Is this normal?   I thought end mills were a constant diameter.  This is a cheap 5/8 inch diameter 2-flute mill from Harbor Freight.   It cuts well otherwise.


----------



## ronzo (Dec 31, 2015)

Mic it.


Sent from my iPad using Tapatalk


----------



## JimDawson (Dec 31, 2015)

Not normally tapered, but it is a HF end mill.  I assume you are using your Atlas, so is the work piece square to the spindle?  Does the table run true to the spindle?  Is the table square to the spindle?  Just a few things that need to be confirmed in the trouble shooting process.   And as ronzo suggestes, mic the endmill.


----------



## coolidge (Dec 31, 2015)

They do make tapered end mills, they are for mold making where you need a taper so that the part will release from the mold.


----------



## Billh50 (Dec 31, 2015)

They make tapered endmills with different tapers. I have a couple different tapered ones. They would be marked with the degrees instead of the diameter. I would make sure everything is square first. The endmill also may not have been sharpened properly causing a taper on it.


----------



## kingmt01 (Dec 31, 2015)

Take a spring pass to see if it goes away.


----------



## Billh50 (Dec 31, 2015)

Also if the endmill is already dull it may be deflecting. You would be surprised how much a dull endmill can be deflected without it breaking.


----------



## RJSakowski (Dec 31, 2015)

coolidge said:


> They do make tapered end mills, they are for mold making where you need a taper so that the part will release from the mold.


I believe the OP said it is cutting as if it were tapered in the wrong direction, more like a dovetail cutter.  Deflection of the endmill is possible with a heavy cut but it would also cut as if it tapered toward the end rather than the shank.  

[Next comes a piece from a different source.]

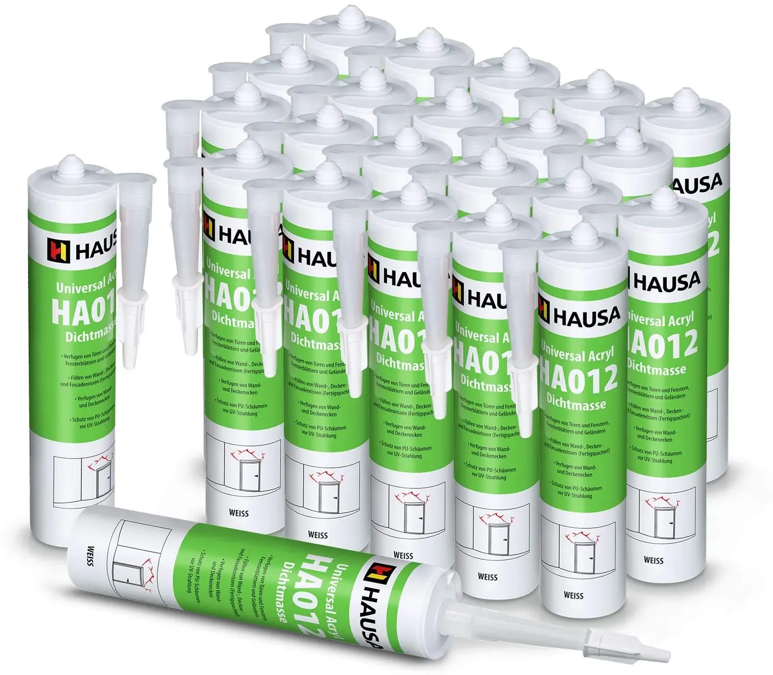 Zustand: Neu - 138,16 € / l - Klebemittel - Alfa - 853 - EAN: 4052198007008 - Profi-Acryl 1K - dauerelastische Acryl-Dichtmasse mit starker Haftfähigkeit und hoher Elastizität in der praktischen, leicht zu verarbeitenden 310 ml Kartusche Sehr gute Haftung auf unterschiedlichsten glatten Oberflächen (z.B. im Trockenbau) und optimal zum Abdichten von leicht belastenden Innenfugen zwischen porösen Materialien wie z. B. Beton, Porenbeton, Holz und Gipskartonplatten Auch für Fugen zwischen Fensterrahmen, Türen und Gipsplatten super geeignet. Reparaturarbeiten an kleineren Wandrissen können mit der Dichtmasse problemlos vorgenommen werden Witterungs- und UV-beständige Acryldichtmasse für den Innen- und Außenbereich Geruchlos, Farbecht und Anstrichverträglich | Lösemittelfrei & Silikonfrei | Temperaturbeständigkeit -20°C bis +75°C - Verkäufer: heimwerker-direkt im amazon.de Marketplace Das 24er-Pack HAUSA Maler-Acryl ist eine ausgezeichnete Wahl für professionelle Anwender oder sehr umfangreiche Projekte, die eine große Menge Dichtmasse erfordern. ![]() ![]() HAUSA Maler-Acryl 24x 310ml elastische Acryl-Dichtmasse HA012 für Fugen im Innen & Außen Bauacryl zum Verfugen von Türen Fenstern Fensterblättern, Füllen von Wand- Decken- Fassadenrissen, weiß

I would suggest checking runout of the endmill. If the endmill were bent, it would cut as if it were tapered as the OP describes.


----------



## planeflyer21 (Dec 31, 2015)

JimDawson said:


> Not normally tapered, but it is a HF end mill.  I assume you are using your Atlas, so is the work piece square to the spindle?  Does the table run true to the spindle?  Is the table square to the spindle?  Just a few things that need to be confirmed in the trouble shooting process.   And as ronzo suggestes, mic the endmill.



This is what I was wondering too.



kingmt01 said:


> Take a spring pass to see if it goes away.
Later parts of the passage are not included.